Drastic climate change and overpopulation have made traditional agricultural production unsustainable. Even in more affluent countries, household food security is on the rise.
In Canada, for example, one in six households struggles to access the food they need to maintain a healthy and active lifestyle, and the situation is getting worse every year.
Food insecurity is a rapidly escalating global problem, and agricultural companies are challenged to find new and efficient ways to produce crops: less waste, fewer pesticides, faster time to market, and a smaller energy footprint.
Indoor farming techniques, such as controlled environment agriculture (CEA), are gaining traction as traditional outdoor farming is unable to meet these challenges.
However, these technologies require appropriate computer-aided support. We have developed such computer-aided methods and tools in the Sustainable Systems and Methods (SSM) Laboratory at McMaster University.
Introducing digital twins
A controlled environment refers to the technology of growing crops in an isolated environment that is artificially controlled by complex machines HVAC (heating, ventilation and air conditioning), irrigation and lighting systems, and a series of sensors that measure environmental conditions.
Thanks to automation, controlled environments achieve better yields and quality than traditional farming environments, while also reducing waste.
Because these improvements also add complexity, finding the optimal growth strategy – i.e., the sequence of environmental conditions that stimulate growth at the most appropriate rate and reduce energy consumption – is particularly challenging.
This is another complex challenge that requires continuous monitoring, real-time decision-making, and high-precision control of the environment, all tasks beyond the limits of human capabilities.
Computer-aided support such as digital twins can play an important role.
A digital twin is a digital representation of a physical object, person, or process that aids decision-making through high-fidelity real-time simulations of physical systems, often equipped with autonomous control capabilities.

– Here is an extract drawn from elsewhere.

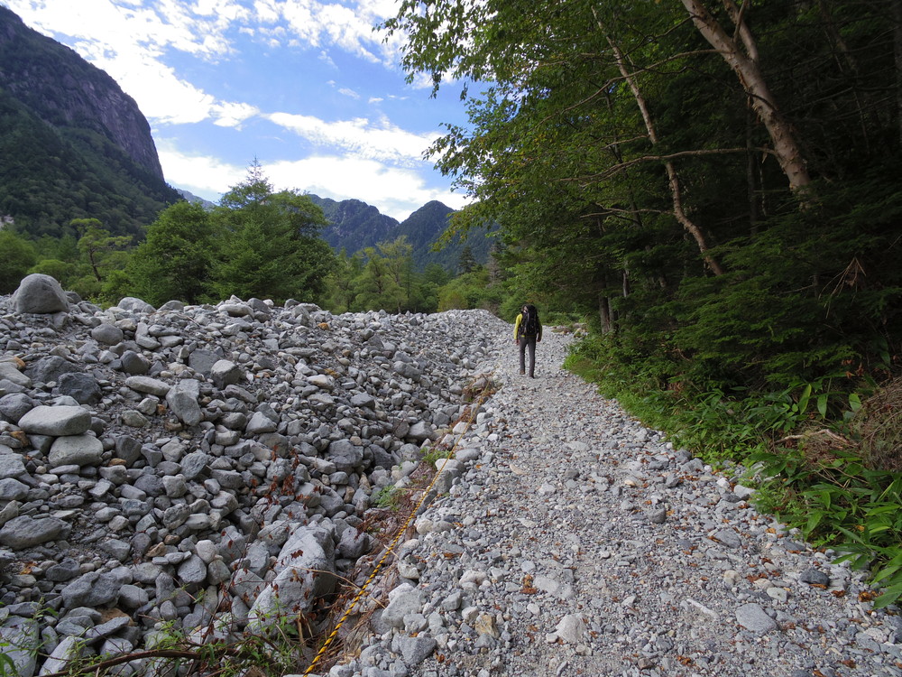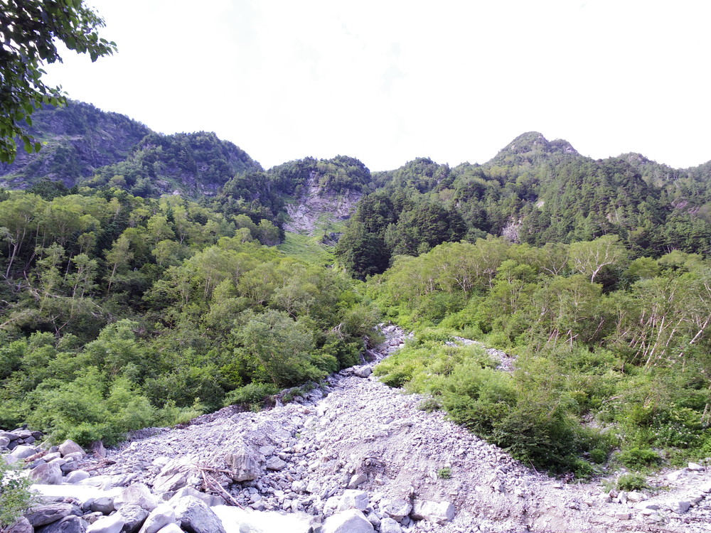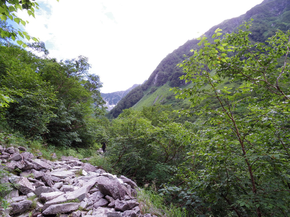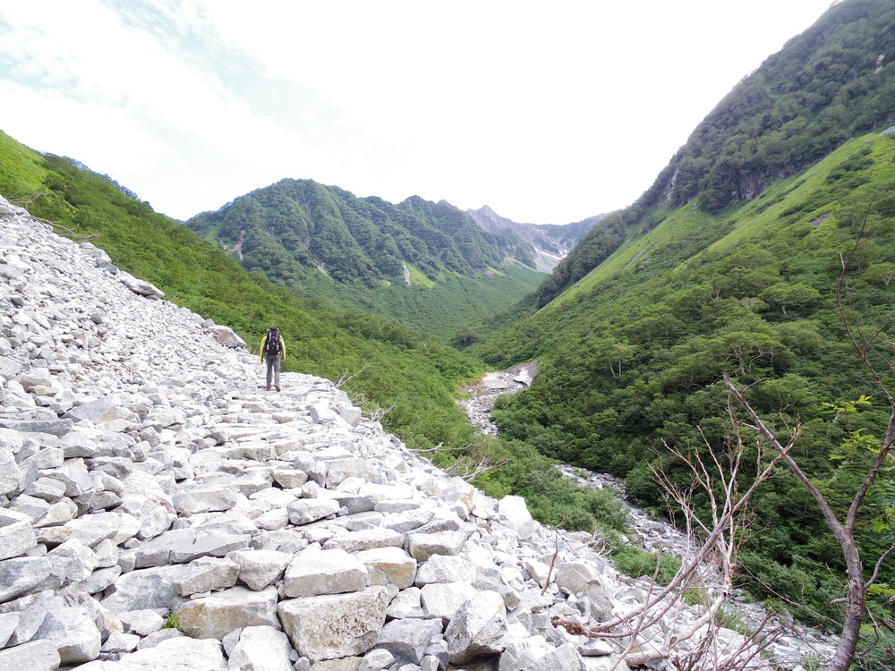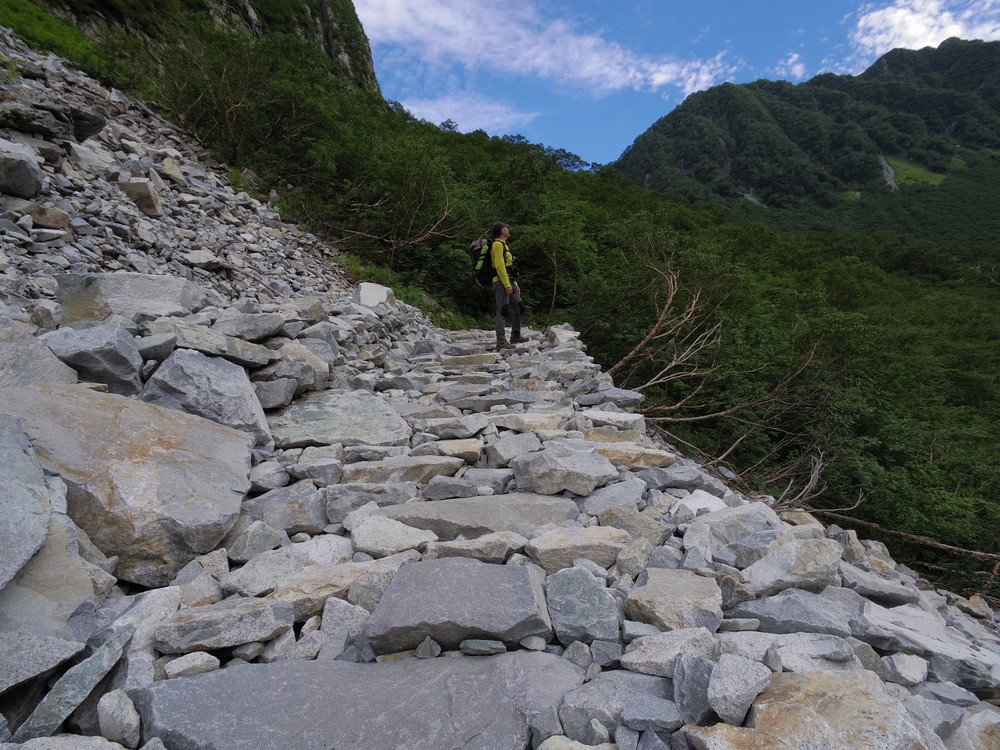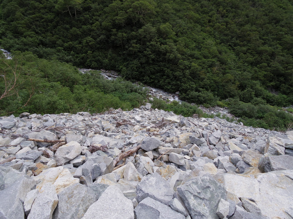 落石注意箇所。 立ち止まらずにすばやく通過しましょう。

In precision agriculture, digital twins are often used to monitor and control environmental conditions to promote the growth of crops at an optimal and sustainable rate.

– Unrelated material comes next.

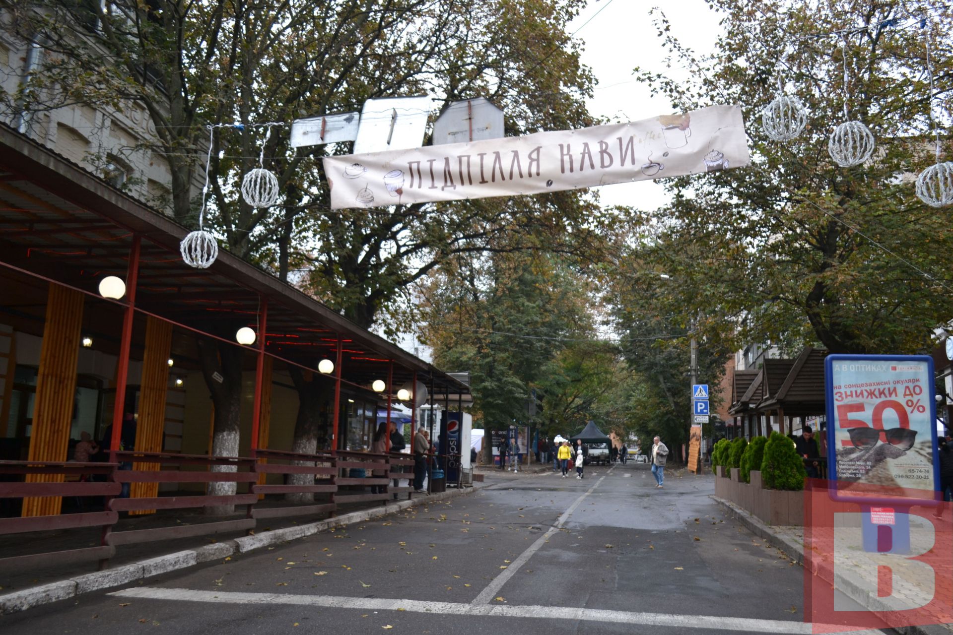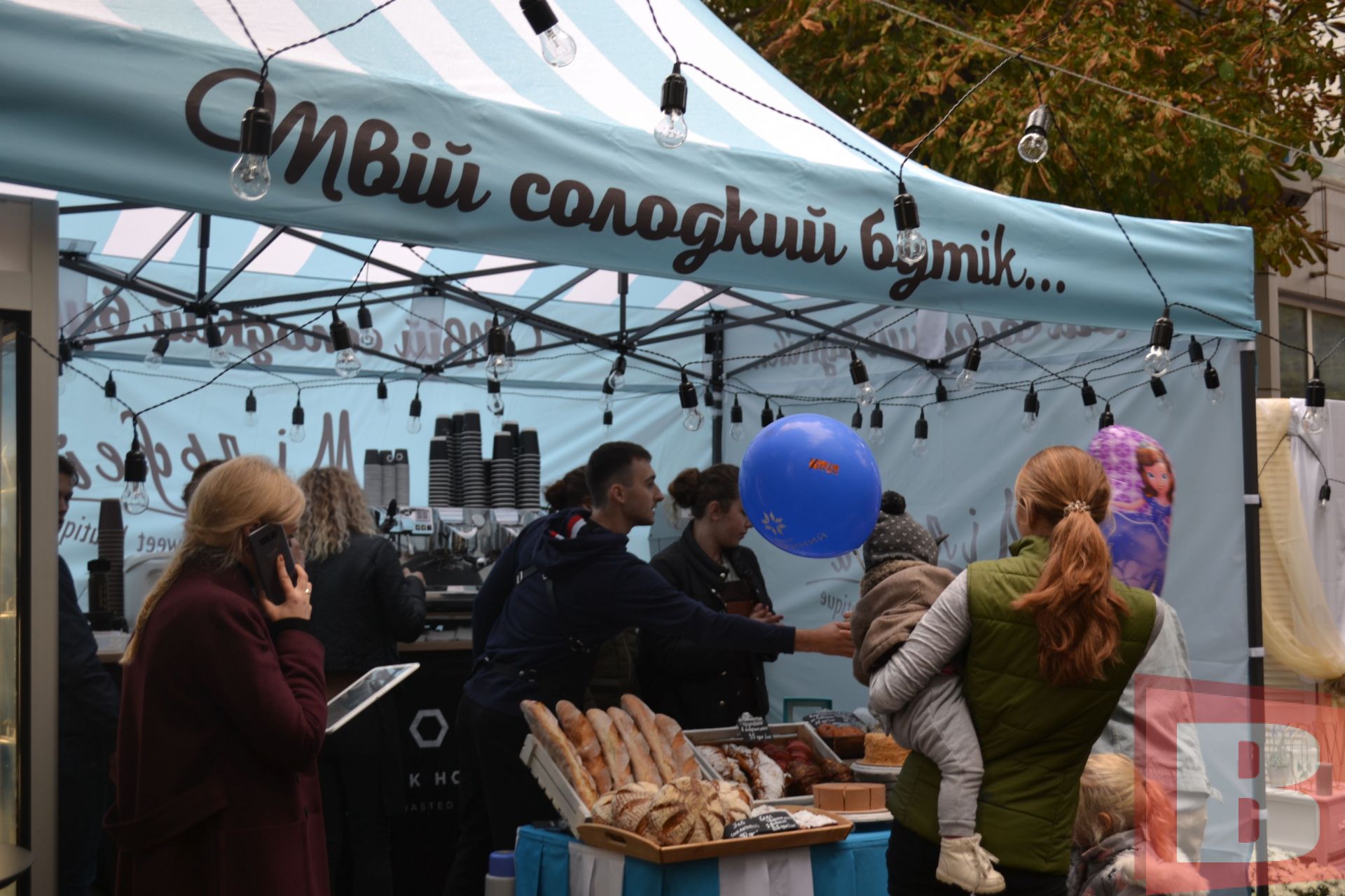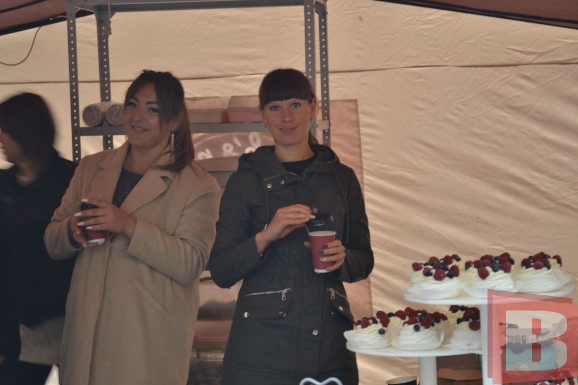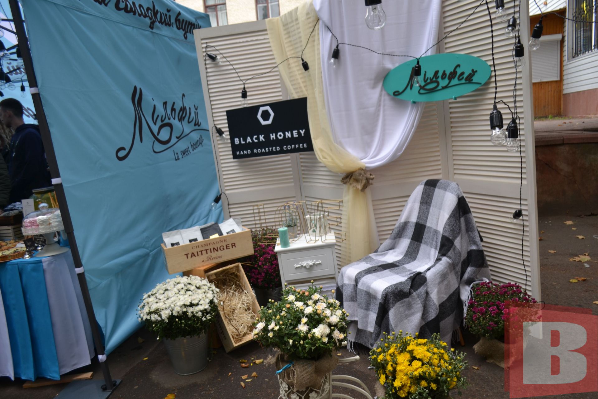 За кілька метрів від першої локації вже чути запашний аромат кави. Лине він із гастрофесту, що розташувався неполік “Рукавички” на Проскурівського підпілля. Тут є все для того, щоб відпочити від метушні, зігрітися та поласувати смачними кондитерськими виробами від кращих кав’ярень міста.

The digital twin provides a real-time dashboard for observing the environmental conditions of the growing area, and the digital twin can also directly control the environment with varying degrees of autonomy.
Reducing energy consumption – or increasing the energy ratio of crops – is an obvious goal for precision agriculture facilities, as heating and cooling facilities consume a lot of energy.
Digital twins can also be used to design new types of greenhouses. For example, when designing a new greenhouse, a digital twin of the long-term data collected in the greenhouse can be used for experimental purposes.
Is it economically viable?
Developing digital twin systems and increasing the digital maturity of agricultural companies are the major factors influencing the cost of digitally enhanced CEA adoption.
The costs associated with developing a digital twin system mainly involve hardware components and software development. Making your own solution, experimenting with inexpensive equipment, and gradually expanding your capabilities is a good place to start and help you adopt the right digital mindset.
However, professional growing environments require industrial-grade subsystems that are completely incomparably costly, and the adoption of these systems requires a well-planned organization's digital strategy.
Agriculture is one of the least digitally advanced sectors, and digital maturity is an absolute prerequisite for the adoption of digital twins. As a result, the costs associated with digital maturity often outweigh the costs of technology in the field of smart agriculture.
A company in the early stages of digitalization must consider issues such as choosing a cloud provider, developing a data strategy, and acquiring a range of software licenses, to name just a few of the many serious challenges.
Organizational costs are difficult to assess, but can darken a company's economic outlook. This is a particularly painful stage of growth that requires proper counseling.
There have been some recent successful examples of industry-academia collaborations that have helped agricultural companies expand their ongoing digitalization efforts.
What's next?
The need for food security and sustainable production is as urgent as ever.
In the face of drastic climate change, wildfires across Canada, extreme air pollution in Europe, the ongoing energy crisis, and a growing population, food self-sufficiency has become one of humanity's top goals.
To achieve the second Sustainable Development Goal (SDG) of the United Nations General Assembly, to end global hunger by 2030, a radical transformation of agricultural models is necessary.
One way to achieve this ambitious goal is through advanced digitalization and digital twins.
There are still many hurdles to overcome before this can be achieved, but as hardware and computing power** continue to decrease, digitally-driven smart agriculture is becoming a reality.